[The records Boundary: Start]
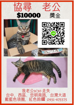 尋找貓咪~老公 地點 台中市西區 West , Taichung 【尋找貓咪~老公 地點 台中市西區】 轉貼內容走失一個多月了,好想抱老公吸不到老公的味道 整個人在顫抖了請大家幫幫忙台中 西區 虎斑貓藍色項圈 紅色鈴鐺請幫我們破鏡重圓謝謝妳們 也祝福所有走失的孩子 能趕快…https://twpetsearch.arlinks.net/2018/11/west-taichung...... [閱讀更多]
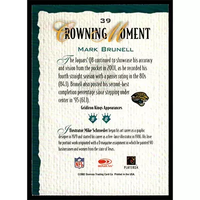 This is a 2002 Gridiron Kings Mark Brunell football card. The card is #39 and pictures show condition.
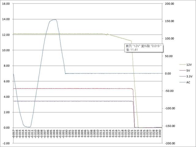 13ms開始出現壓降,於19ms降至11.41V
[The records Boundary: End]
[The records Boundary: Start]
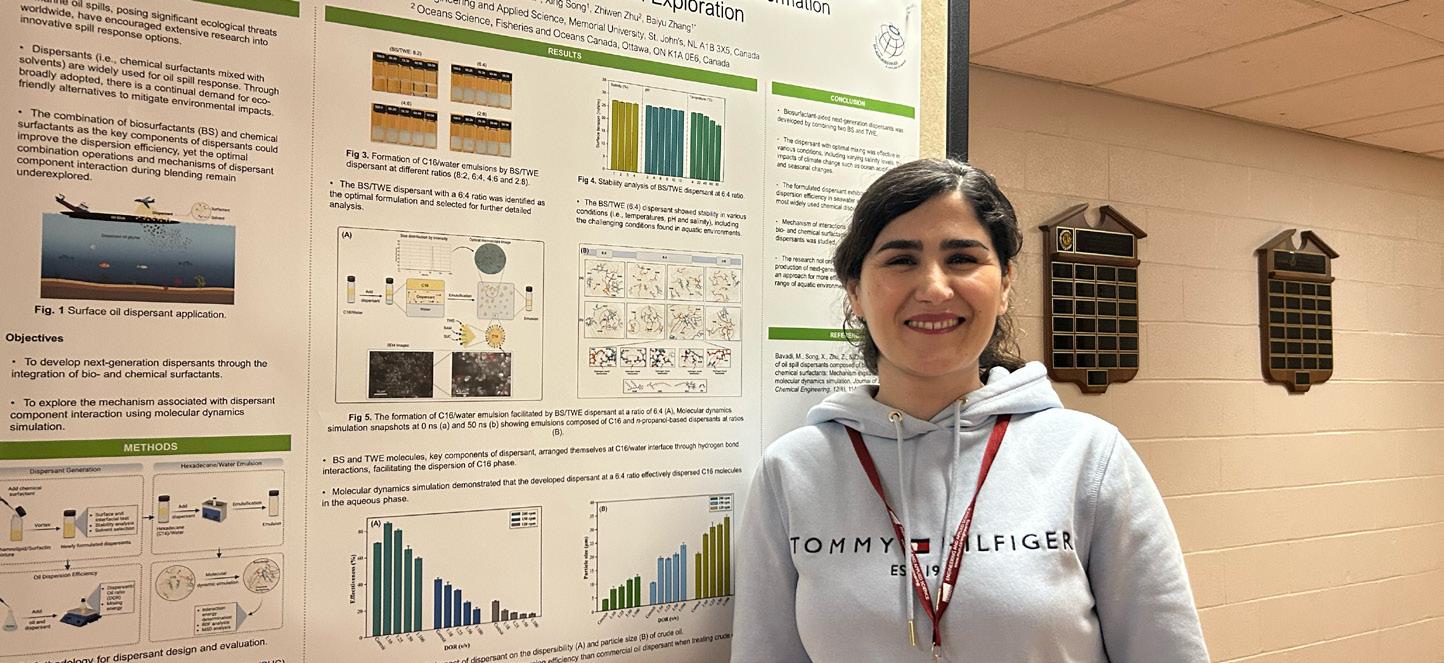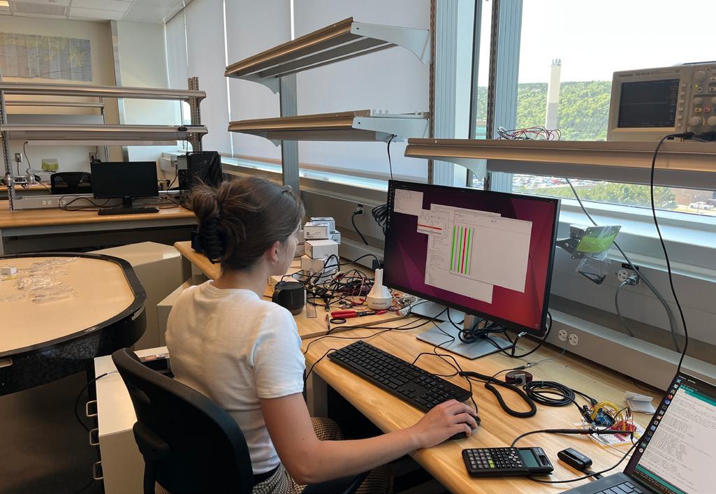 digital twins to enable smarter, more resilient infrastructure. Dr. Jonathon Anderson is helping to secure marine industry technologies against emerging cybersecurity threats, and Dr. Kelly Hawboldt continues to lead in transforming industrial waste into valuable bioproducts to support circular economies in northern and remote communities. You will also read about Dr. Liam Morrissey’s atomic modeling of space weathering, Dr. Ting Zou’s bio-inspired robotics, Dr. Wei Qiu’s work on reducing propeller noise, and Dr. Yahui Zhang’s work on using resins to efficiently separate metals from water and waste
[The records Boundary: End]
> [Brief]: Although the records above contain pictures, the copy must not; set down exactly the lines from the one with "尋找貓咪~老公 地點 台中市西區 West" up to and including the one with "13ms開始出現壓降,於19ms降至11.41V".

> [Response area]:
 尋找貓咪~老公 地點 台中市西區 West , Taichung 【尋找貓咪~老公 地點 台中市西區】 轉貼內容走失一個多月了,好想抱老公吸不到老公的味道 整個人在顫抖了請大家幫幫忙台中 西區 虎斑貓藍色項圈 紅色鈴鐺請幫我們破鏡重圓謝謝妳們 也祝福所有走失的孩子 能趕快…https://twpetsearch.arlinks.net/2018/11/west-taichung...... [閱讀更多]
 This is a 2002 Gridiron Kings Mark Brunell football card. The card is #39 and pictures show condition.
 13ms開始出現壓降,於19ms降至11.41V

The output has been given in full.